■ Try it:
Below are entries. Give back exactly the lines from the one containing "Beechwood cases with" through the one containing "72139566 alte Postkarte", inclusive, without the pictures.

■ Record extracts:
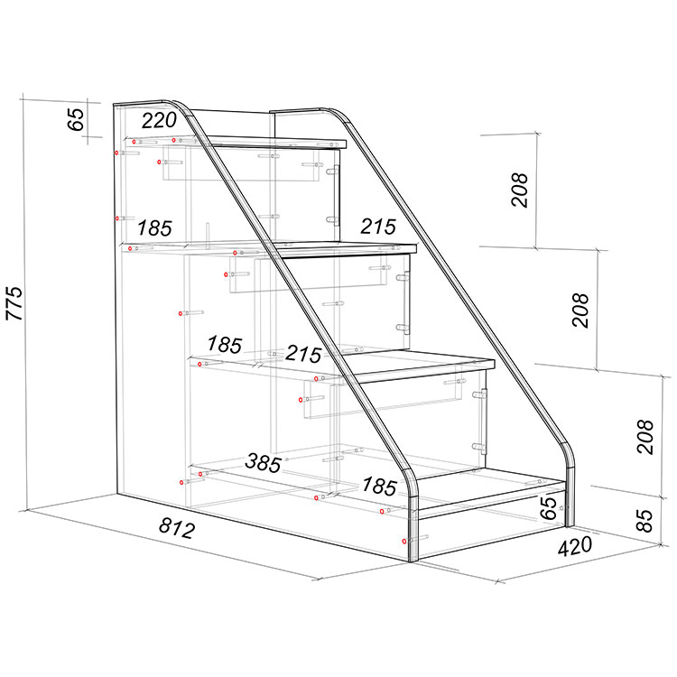 Высота кровати – 86см от пола, 105см вместе с бортиками. Родителям будет легко и удобно наблюдать за малышом, нетрудно заправлять кровать.
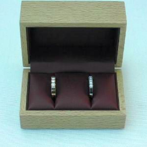 Beechwood cases with ‘Coverlim’ lid top inlay. Lid liners, 2 piece, card packer box and pad materials/colours can be customised as required. N.B. SPECIAL ORDER ONLY. Allow up to 16 weeks for delivery. *VE5311/R RING CASE WITH BLACK LID LINER/BLACK PAD ONLY, NOW AVAILABLE FROM STOCK.
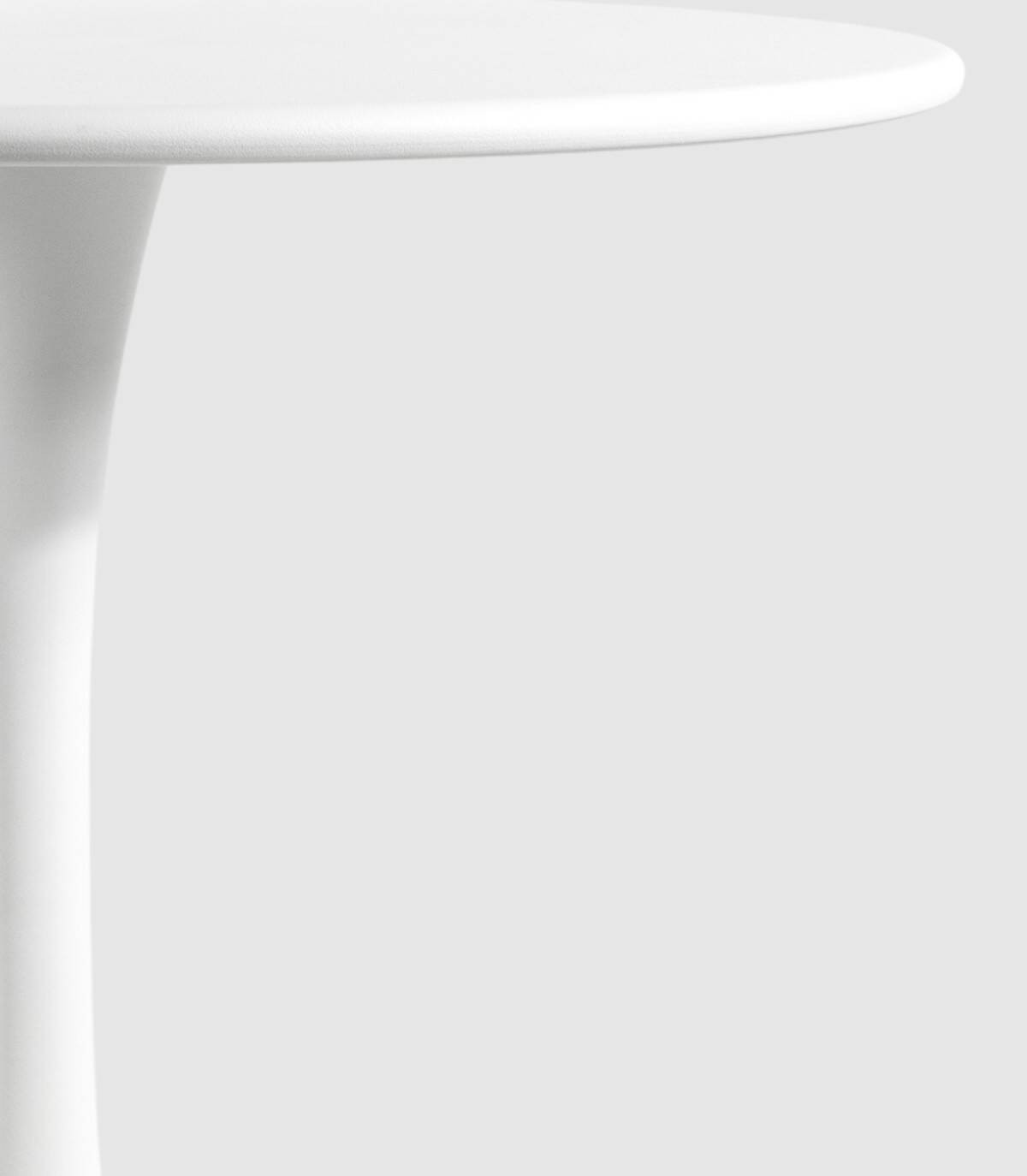 La mesa Capri redonda de exterior se compone de tablero liso metálico sobre estructura metálica de una pata central con base pintadas del mismo color.
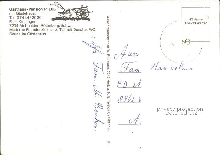 72139566 alte Postkarte Roetenberg Aichhalden Gasthof Pension Pflug Gaststube postalisch gelaufen Erhaltung siehe scans KatCode: 11110008325001
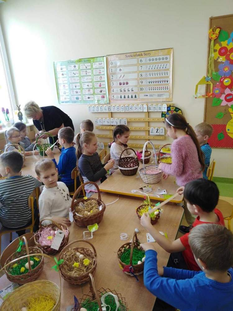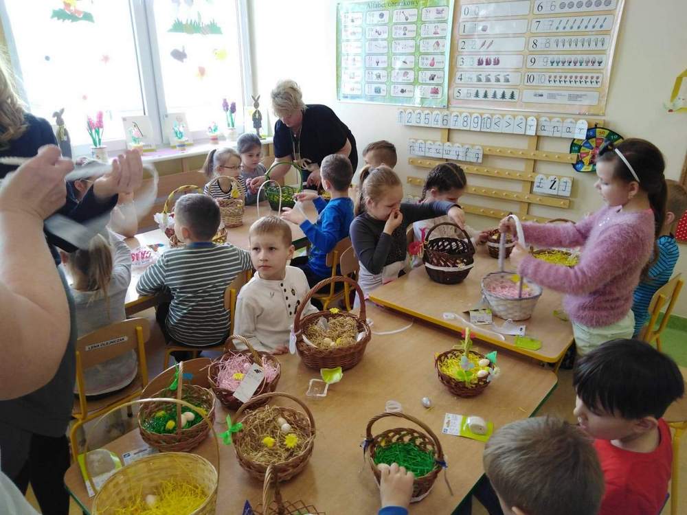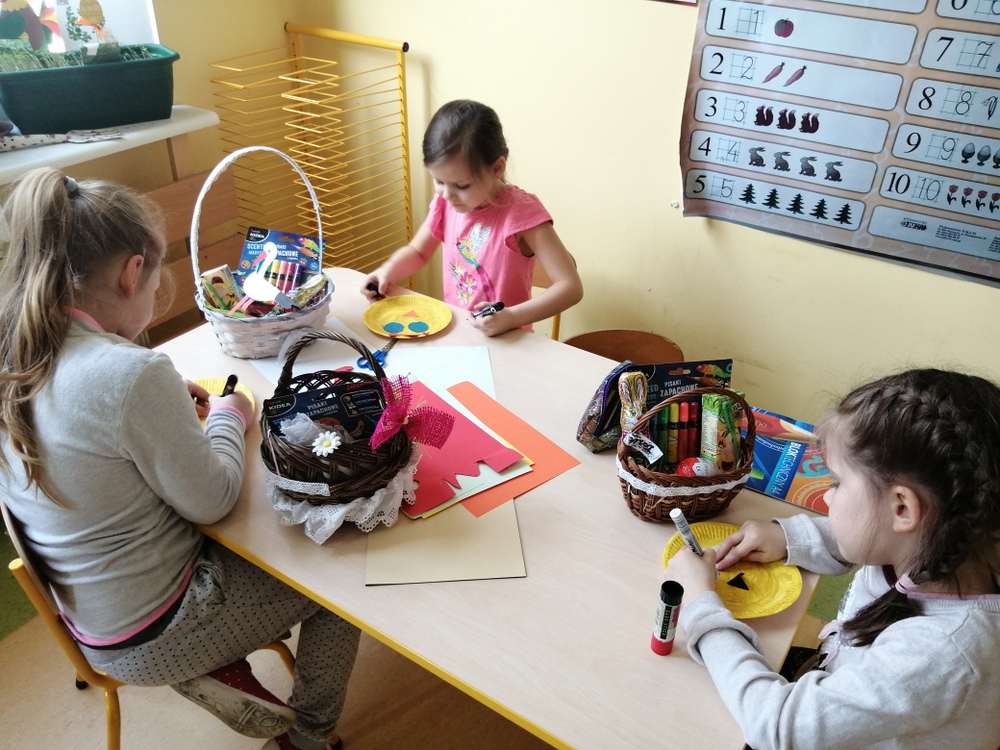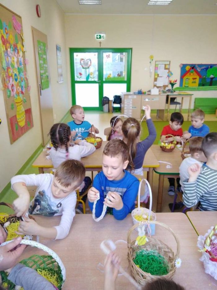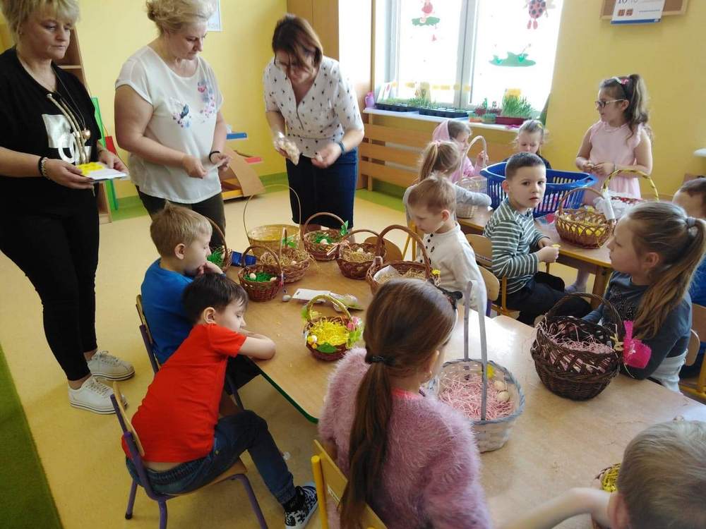 Zajączek w tym roku przykicał troszkę wcześniej. Wcześniej były oczywiście przygotowania, dzieci ozdabiały koszyczki, do których zając miał przynieść prezenty. Przedszkolaki szukały zająca i pytały spotkane osoby, czy gdzieś nie przebiegał. Niespodzianka czekała na nich w przedszkolu, zając wskoczył przez okno. Radość była wielka.

■ Task solution:
 Beechwood cases with ‘Coverlim’ lid top inlay. Lid liners, 2 piece, card packer box and pad materials/colours can be customised as required. N.B. SPECIAL ORDER ONLY. Allow up to 16 weeks for delivery. *VE5311/R RING CASE WITH BLACK LID LINER/BLACK PAD ONLY, NOW AVAILABLE FROM STOCK.
 La mesa Capri redonda de exterior se compone de tablero liso metálico sobre estructura metálica de una pata central con base pintadas del mismo color.
 72139566 alte Postkarte Roetenberg Aichhalden Gasthof Pension Pflug Gaststube postalisch gelaufen Erhaltung siehe scans KatCode: 11110008325001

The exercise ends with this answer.